Critical: ConcurrentHashMap — 11.6s max wait

All 94 events are clustered in a 20-second window (08:44:2908:44:52), with individual waits of 11.6s, 10.3s, 10.3s, 9.05s, 4.44s. This is a burst where many threads block together.

ConcurrentHashMap.computeIfAbsent() blocks all concurrent calls for the same key while the compute function runs. A 10-second compute function on a shared ConcurrentHashMap would explain this pattern exactly — one slow call (e.g., a database lookup or I/O operation inside computeIfAbsent) causes all threads waiting on the same key to pile up.

This is the new bottleneck where SynchronizedMap used to be. The old coarse lock was replaced with ConcurrentHashMap, but the compute function passed to computeIfAbsent is too slow (database call + I/O), which ConcurrentHashMap's key-level lock cannot help with.

Warning: HashMap contention (5,570ms)

java.util.HashMap (not ConcurrentHashMap, not Collections.synchronizedMap) is showing JavaMonitorEnter events. This means either:

  1. Some code does synchronized (hashMap) { ... } explicitly
  2. Or worse: two threads are writing to the same HashMap without synchronization (data race), and the JVM monitor is incidentally contended

20 events with 5,570ms blocked time = average 278ms wait per event. This is a real serialization point and potentially a data corruption risk.


5. Allocation Pressure (645,984 ObjectAllocationSamples)

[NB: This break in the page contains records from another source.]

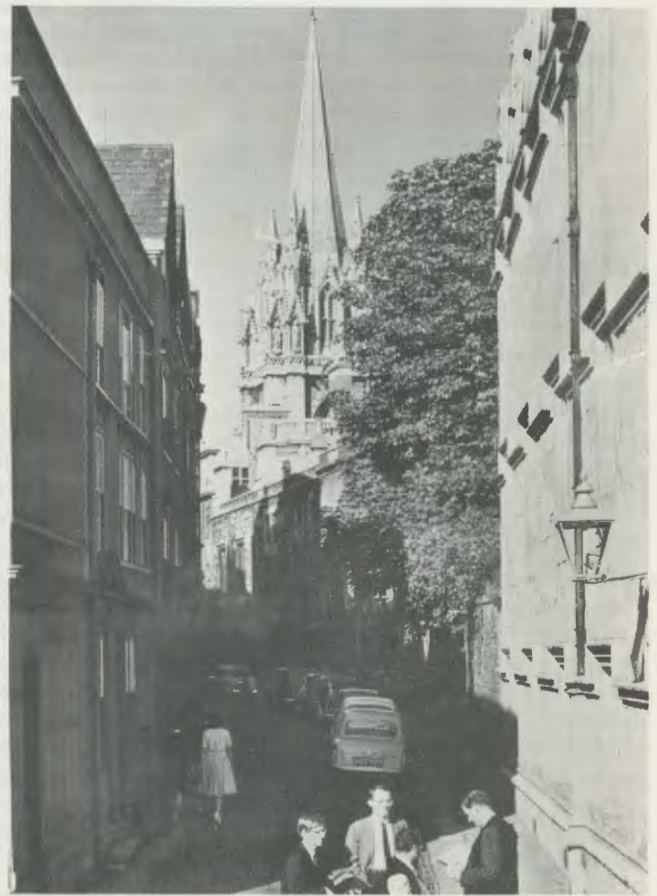
OXFORD Oriel Street towards St. Mary's Church.
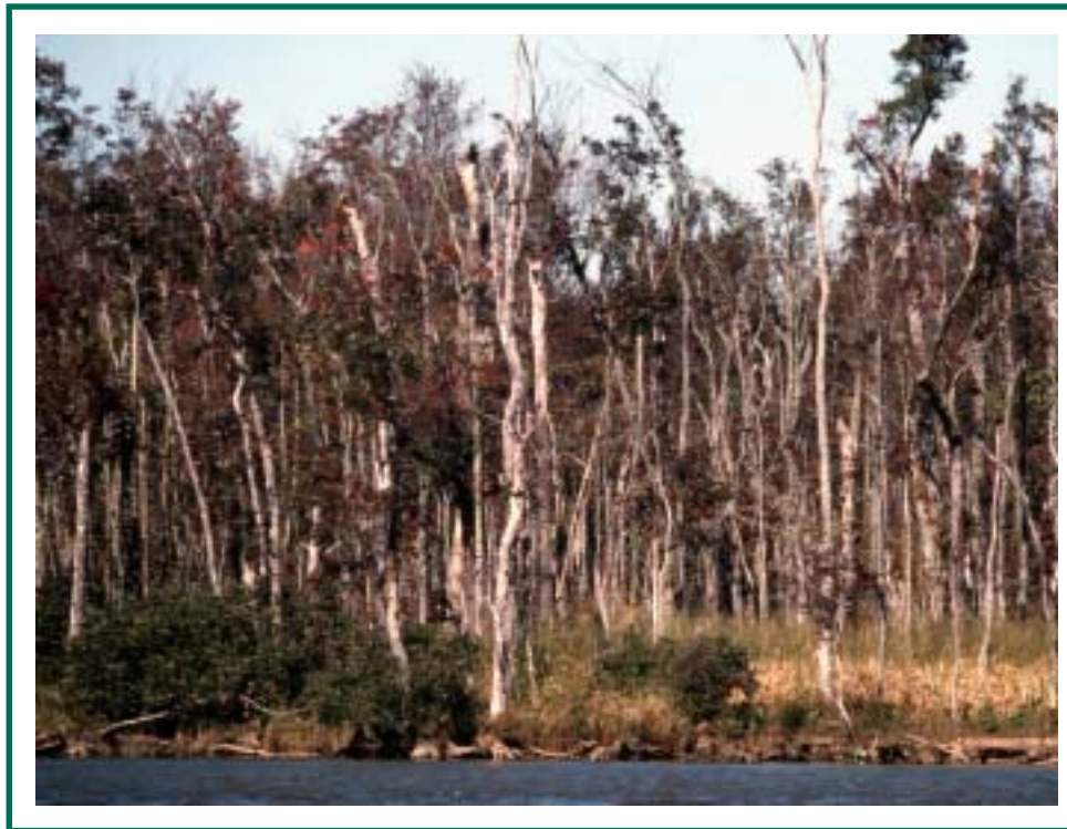
Mattaponi River

Description: Segment 3 covers the lower portion of the Mattaponi River near West Point and continues upriver to Log Landing. This segment trends from northwest to southeast and is fetch-limited. The King and Queen county shore of the lowest portion of the Mattaponi is absent the industrial character present along King William county shoreline. In the vicinity of the Route 33 bridge, the shore is predominantly residential land use. Beyond West Point, the river meanders, and wide embayed marshes dominate. Approximately 19.25 miles of shoreline was surveyed in July and August, 1998 out of a total 36.48 miles of shoreline. The bulk of the shoreline that was not surveyed is
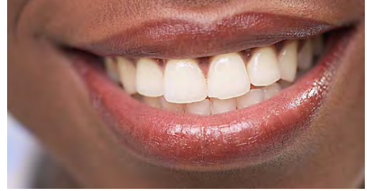
MOVE YOUR MOUTH
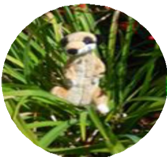
Marvin the Meerkat Curiosity (Be curious)
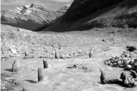
Figure 2. Sheared stumps in growth position protruding from an ice proximal meltwater channel along the northern terminus of the Saskatchewan Glacier in September, 1999. Radiocarbon dates of 2,830 \pm 60 (Beta 135586) and 2,870 \pm 60 (Beta 135587) ^{14}\text{C} years B.P. were obtained from the perimeter of two of the stumps.

including a significant mid-19th Century advance and a less extensive event during the early and middle parts of the 18th Century (Figure 2). Evidence for pre-LIA events comes from detrital wood found on ice proximal outwash deposits at various times over the last two decades (Luckman et al. 1993, 1994). The oldest samples date between 3,200 to 2,500 ^{14}\text{C} years B.P. (Table 1) and provide circumstantial evidence for an advance equivalent to the Neoglacial Peyto Advance (Osborn and Luckman 1988; Luckman et al. 1993; Luckman 1993, 1996).
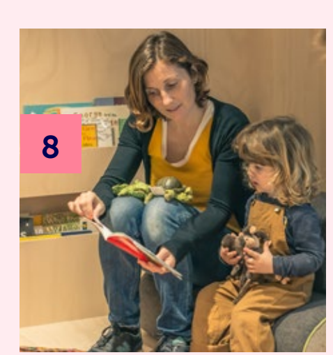
Enrolling your child at the centre
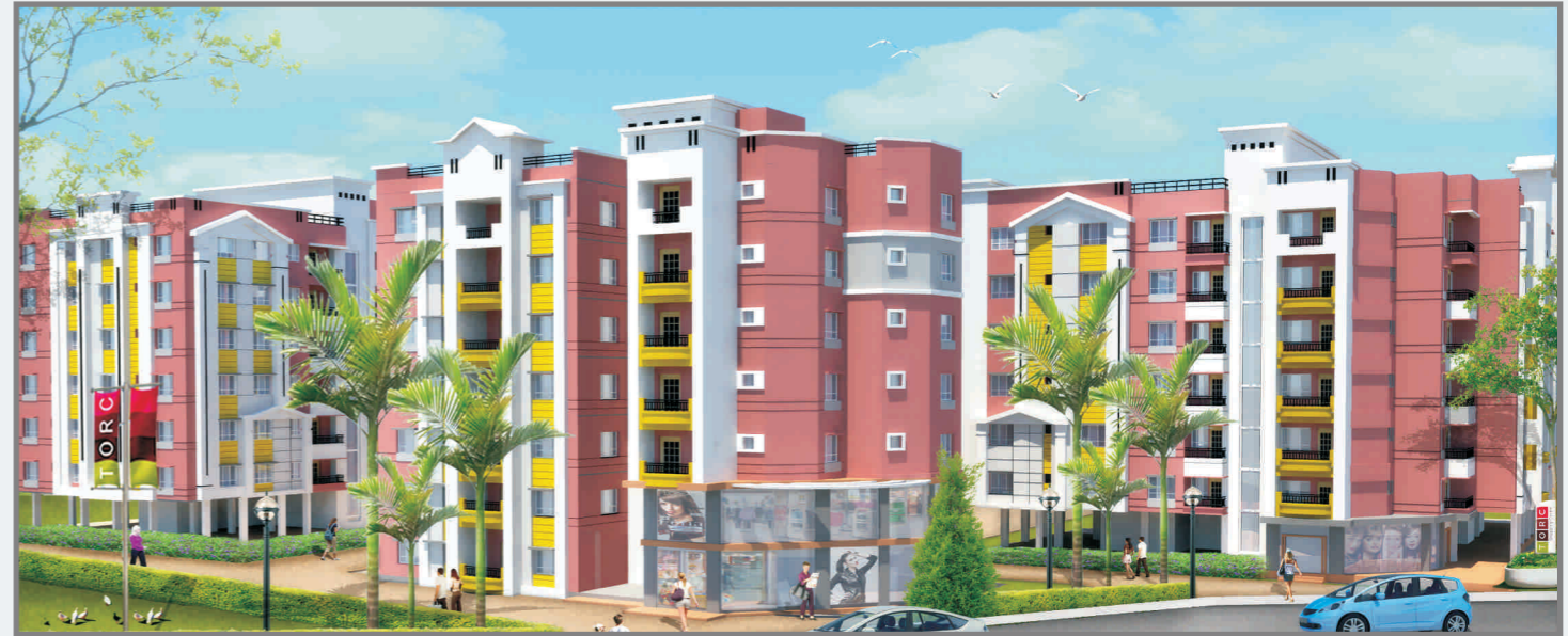
Tirath Project, 133 flats luxurious complex at Rajarhat
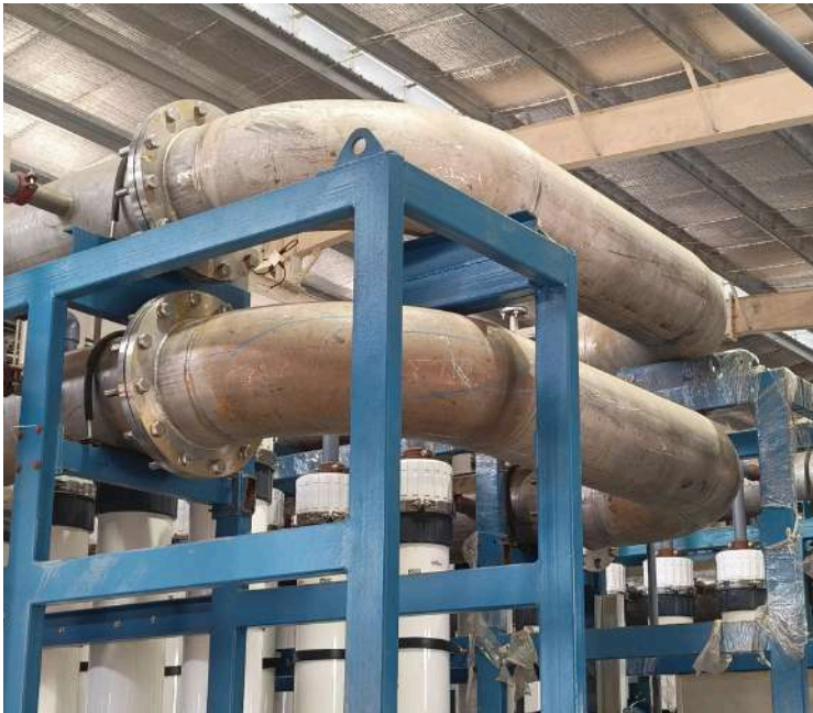
SS PIPING WORK AT WAAREE
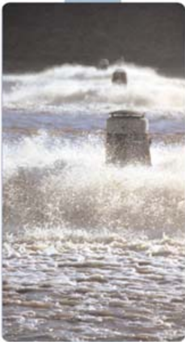
Aeration pond at the City of Riverbank wastewater facility. The Central Valley city, population 16,000, will save a projected $20,000 annually in energy costs through process improvements fully funded by the California Process Optimization Program.

Lower Operating Costs, Stable Treatment Process with Energy-Efficiency Improvements
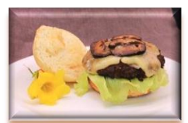
Mushroom and Swiss Burger 香菇瑞士汉堡

任选腌制墨西哥辣椒或海逸产的新鲜墨西哥辣椒，搭配安格斯牛肉饼和芝麻酸面包，抹上化开的胡椒奶酪制成我们的香辣汉堡。你可能会喜欢上它喔。
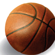
Grinnell College Basketball
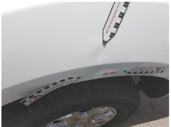
8: Wing osf Dented Over 30mm
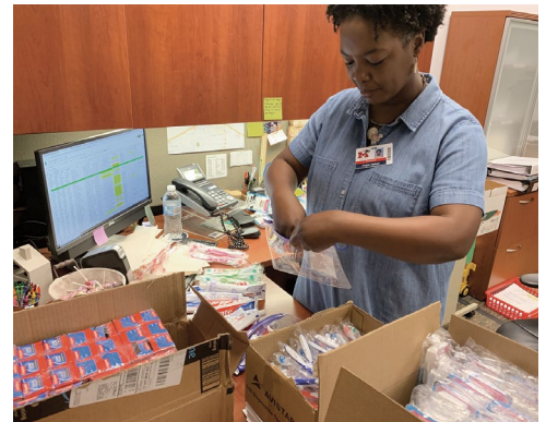
Marion High School staff member prepares oral health kits for at-risk and homeless students served by the school's Patriots Promote Smiles project
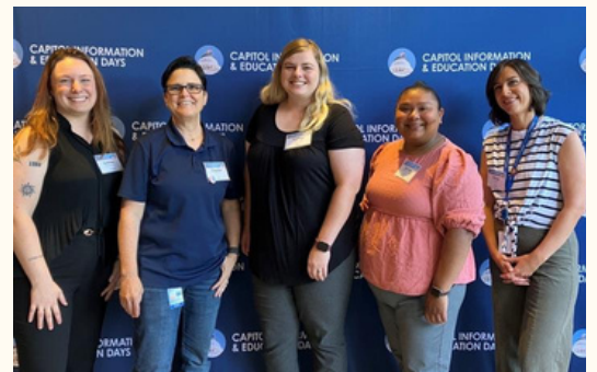
Assembly District 3 Legislative Meeting
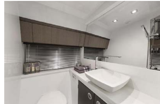
One of two bathrooms down below
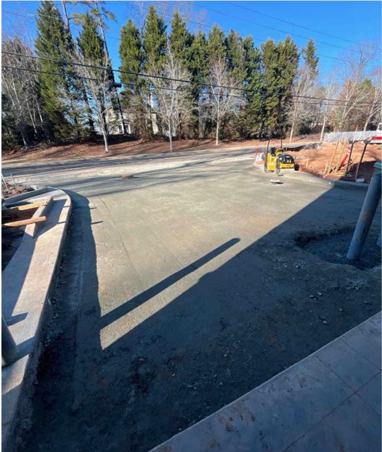
Began Prepping for Concrete Apron at Spalding Dr Entrance and Apparatus Bay
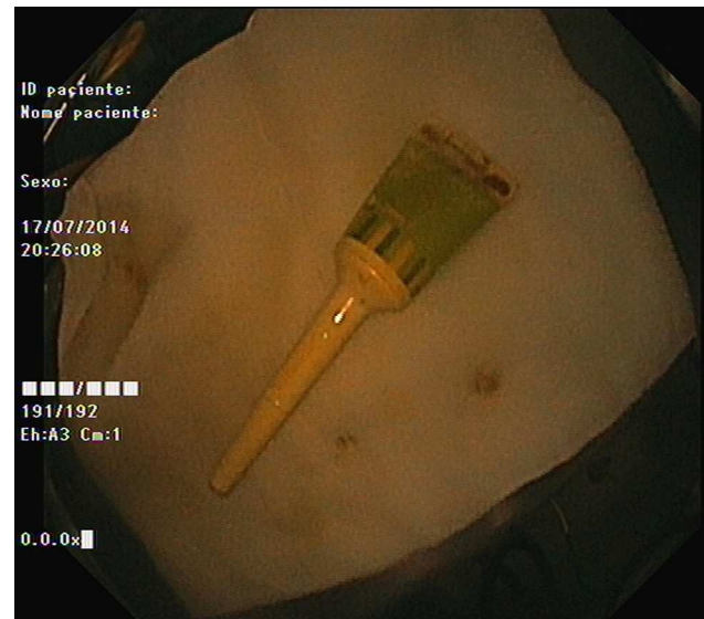
Figure 3 Extracted microenema device.

The authors have no conflicts of interest to declare.
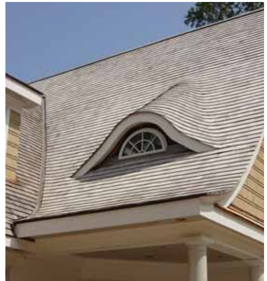
“Eyebrow” windows enliven the roof of this house.
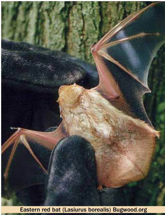
Eastern red bat ( Lasiurus borealis )

Because rabies is a fatal disease, the goal of public health is, first, to prevent human exposure to rabies by education and, second, to prevent the disease by anti-rabies treatment if exposure occurs. Tens of thousands of people are successfully treated each year after being bitten by an animal that may have rabies. A few people die of rabies each year in the United States, usually because they do not recognize the risk of rabies from the bite of a wild animal and do not seek medical advice.
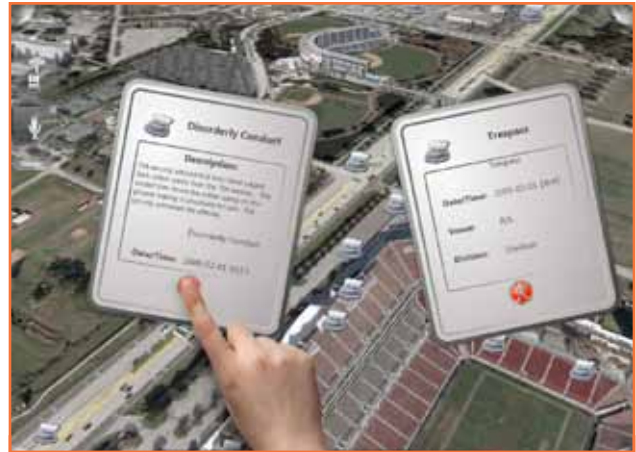
Figure 3: Incident Report Info-Cards

The location of specific units and incidents are easily identified and monitored through Falcon Eye's ability to map real-time geo-spatial data in a three-dimensional display.
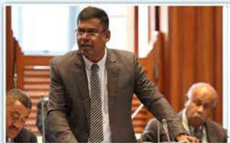
Opposition Member of Parliament Hon. Prof. Biman Prasad interjects during the Parliament Sitting in September, 2016.
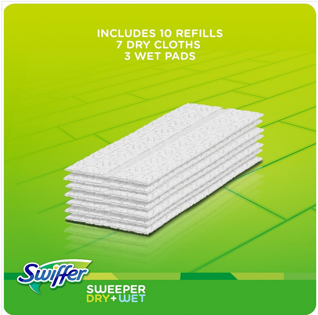
Figure 8: Swiffer Sweeper refill pads for continuous cleaning.
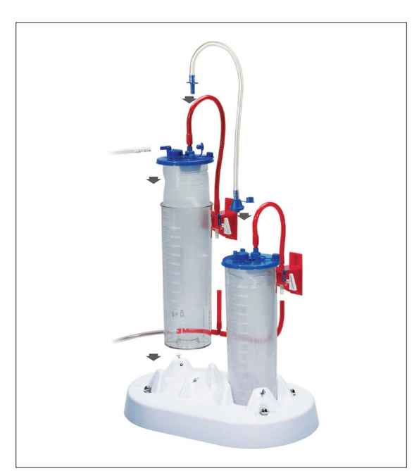
Two-canister floor stand assembly

This is a two-canister floor stand assembly. The stand is mounted on casters for ease of movement.
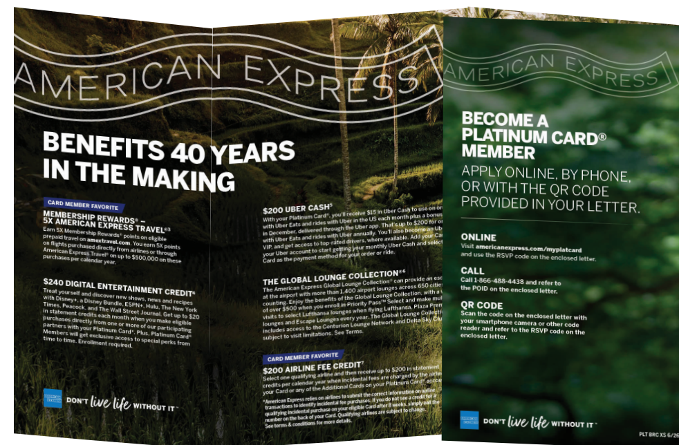
ACCORDION (OUTSIDE UNFOLDED)
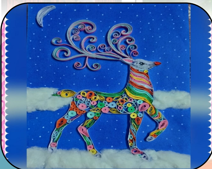
AASHNA BHALLA - VIII A
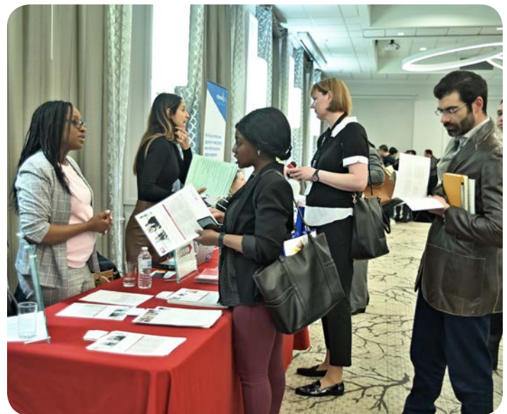
Internationally trained immigrants networking with employers at the 12th Global Skills Conference, March 2020.
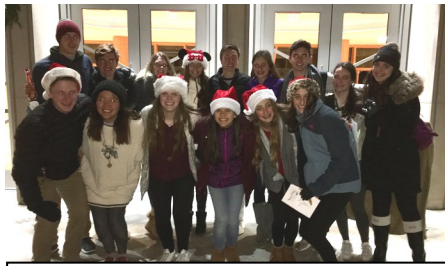
Christmas Caroling - December 2018
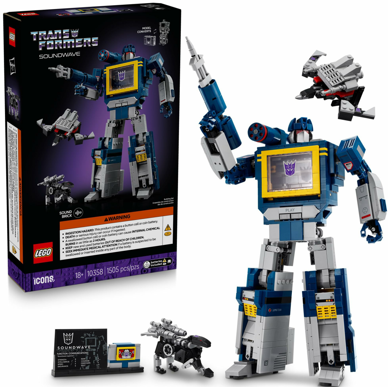
Figure 1: The fully assembled LEGO Icons Transformers Soundwave in robot mode.
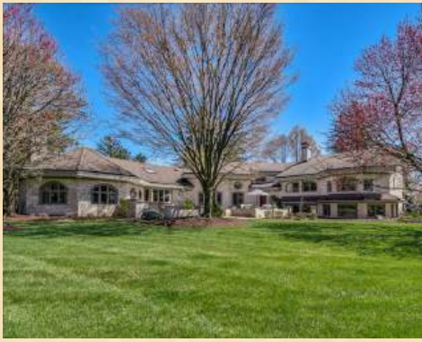
Bethlehem Twp, $1,900,000

Listed by Carol C. Dorey Real Estate, Inc.
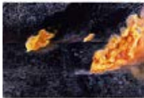
SUSAN CRILE (American, born 1942) Field of Fire 1991 Oil stick, charcoal, pastel, and pumice on paper 40 × 60" (101.6 × 152.4 cm)
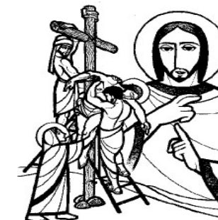
No one has greater love than this, to lay down one's life for one's friends.

May 16/17 Ascension of the Lord HOSPITALITY USHERS READER SERVERS *EMHCS MUSIC MINISTRY
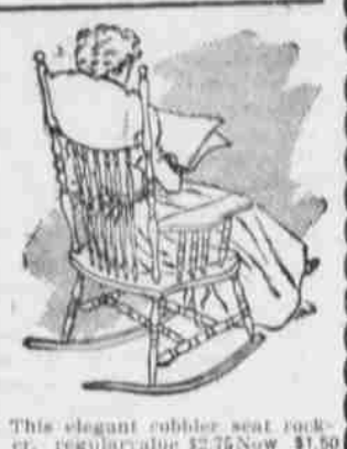
This elegant rubber seat rocker, regular value $2.75 Now $1.50.
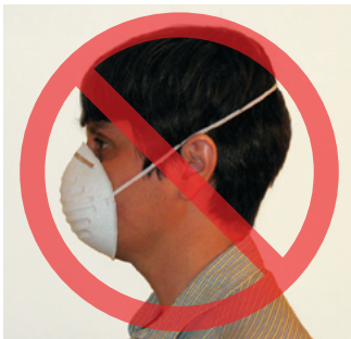
A one-strap paper mask will NOT protect your lungs from wildfire smoke.
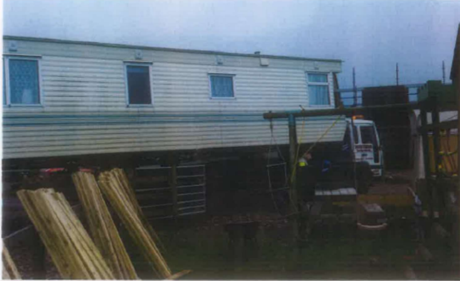
28/04/2014 - Picture from 1st floor of barn looking down into the garden. The static, site caravan, garden fence and children's football nets are in the photo.

Site Weight Events Object type
RowAVLDisk.<init> highest 69,946 NodeAVLDisk — cache miss
Arrays.copyOf(byte[],int) 2nd 57,334 byte[]
RowInputBinary.readByteArray() 3rd 50,298 byte[]
ByteArrayOutputStream.<init> 4th 34,064 ByteArrayOutputStream
AQS.ConditionObject.await() 5th 23,925 ConditionNode
RowInputBinary.readBinary() 6th 20,236 BinaryData
X25519Field.create() 14th 14,124 int[10]NEW
Peer.sendPreSerializedMessage() 7th 16,484 PreSerializedMessageWrapper

New finding: X25519 field arithmetic allocates heavily

org.bouncycastle.math.ec.rfc7748.X25519Field.create() allocates a new int[10] array for every field element created during curve arithmetic. With 14,124 allocation events, this indicates peer key exchanges (TLS handshakes or Qortal's own crypto) are occurring at high frequency. Each X25519 scalar multiplication requires ~100+ field element allocations, so 14,124 events represents thousands of key exchange operations in the JFR window.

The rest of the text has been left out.